When you have a tall tower it is quite easy to put up a high performance wire antenna for the low bands. My 160 meter antenna is a good example: a catenary tied off at the 40 meter level support a slanted T-top vertical that performs remarkably well. In the most recent Stew Perry TBDC in which I operated QRP I was able to work numerous Europeans, with my best distance slightly over 8000 km. Imagine if I had more than the present 8 × 30 meter radials.
Because it's a temporary antenna it will not see further improvement. I would like to do better on top band with a better antenna. For almost all of my ham career I had no antenna for 160 meter so I am now making up for lost time. My contest scores depend on it, as does my pursuit of DX.
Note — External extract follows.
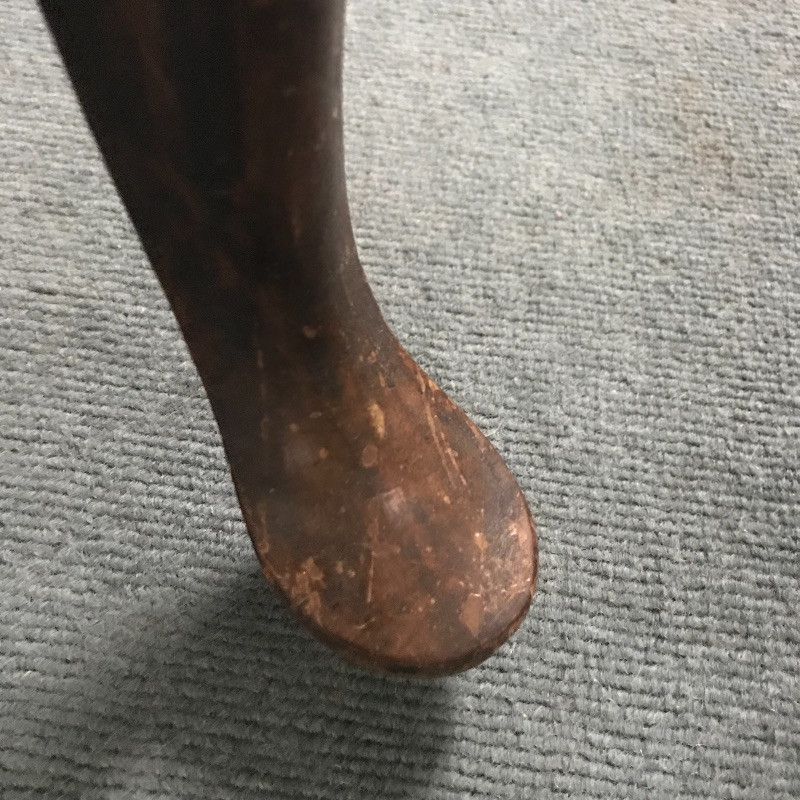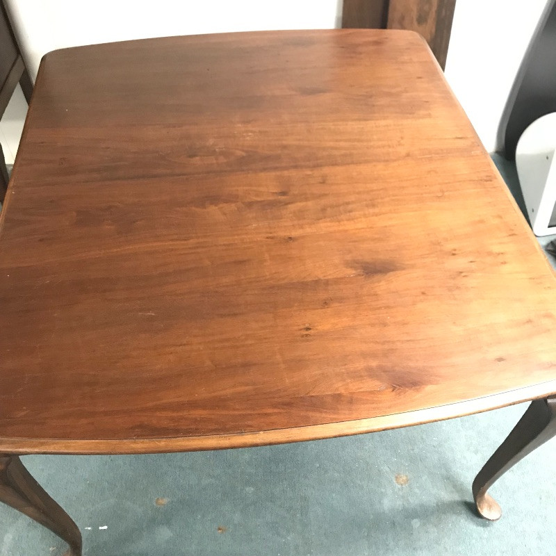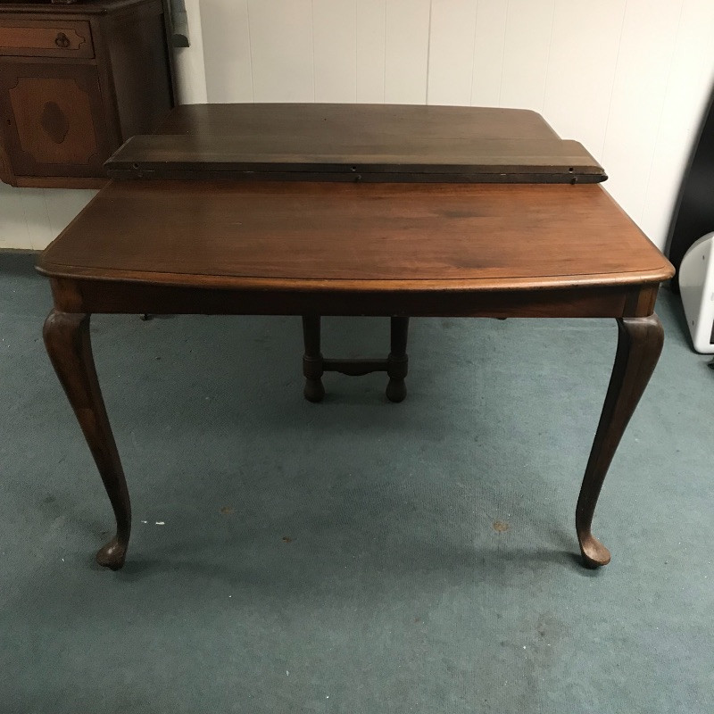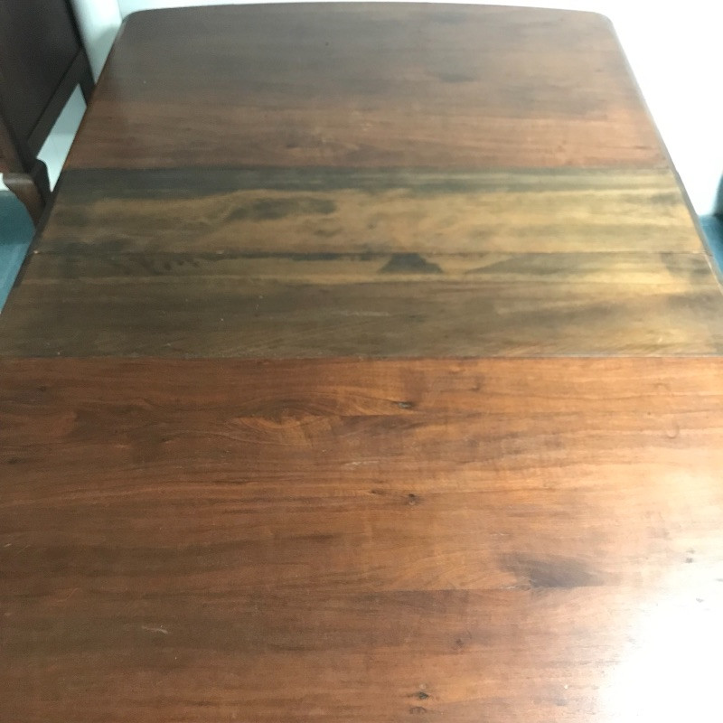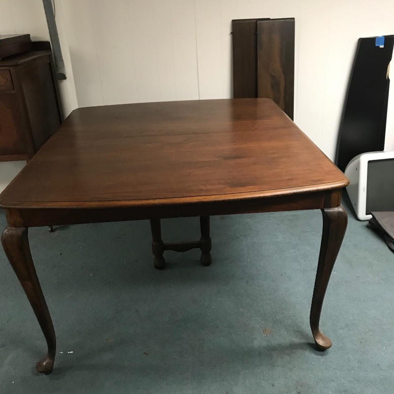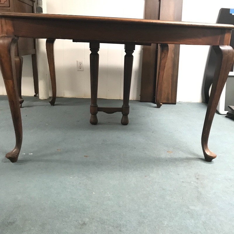 Very nice dining table with beautiful wood grains and stabilizing legs. Table comes with two leaves that fit perfectly, but they have a slightly darker, more ashy coloring. The table measures 54” x 45” x 29” with each leaf adding 9” (72” x 45” x 29”). Table is sturdy and has a lot of life left in it with some blemishes noted in photos. See photos. Check out lots 147 and 149 for complementing credenza and chairs! No shipping, please bring help to load. The table is located in the basement and will require at least one flight up stairs. Contact us if you would like some recommendations for furniture moving services.

My antenna is temporary because it has to be taken down from mid-spring to late summer -- a minimum of about 4 months -- due to the incompatibility of radials and hay harvesting. It is not only a better antenna I need but preferably one that is permanent. These two requirements -- better and permanent -- are not easily accomplished. I will be happy to have a better part-time antenna and a modest though permanent one.
To this end I am actively investigating options. In this article I'll run through what are, so far, the best of them. I think it is worth taking the time to blog about it because there are sure to be others in a similar situation. The ideas may be of wider interest. But to be clear, this is primarily about my station, my operating objectives and my constraints.
Independent full size vertical
This may be the ideal solution. It requires a new tower of at least 30 meters height, well separated from the two big towers and receive antennas. The former requirement is to ensure enough structural strength for a physical ¼λ vertical, which is 40 meters high. The latter is to avoid destructive interactions and coupling which would distort the radiation patterns of the vertical and the receive antennas.
Separation ought to be at least 1λ, which is 160 meters (500'). That's a lot! Fortunately I have the space. Otherwise it may be necessary to dynamically de-tune towers when operating on 160 meters. Some do this on transmit, but if the array is directive you need to do it on receive as well; that is, full time.
My neighbour would likely be annoyed by this antenna since it takes at least 1 acre out of hay production unless I undertake the herculean effort to bury 2000 meters of radials. The area is trebled or quadrupled should I go further and make a 4 direction, 3 element vertical yagi out of it of the same type as my 80 meter array, just as K3LR originally designed. Again, I do have the space were I crazy enough to go for it.
Limiting the tower to 30 meters height would keep the guy stations out of the forested areas at the east side of my property. A 10 meter high stinger makes completes the monopole. The radials can extend into the forest, with some difficulty. The difficulty is multiplied for a yagi.
The areas where it can go (see the site map) are to the semi-enclosed areas east and southeast of the 150' tower or north of the 80 meter array. Elsewhere are swamp, forest, power lines or other towers and antennas. Feed lines would be very long, which is expensive and inconvenient though not a significant loss risk at 1.8 MHz. Many hams with the land put their 160 meter antennas far away to avoid all these problems. My receive antenna field is close, probably too close, to the east area.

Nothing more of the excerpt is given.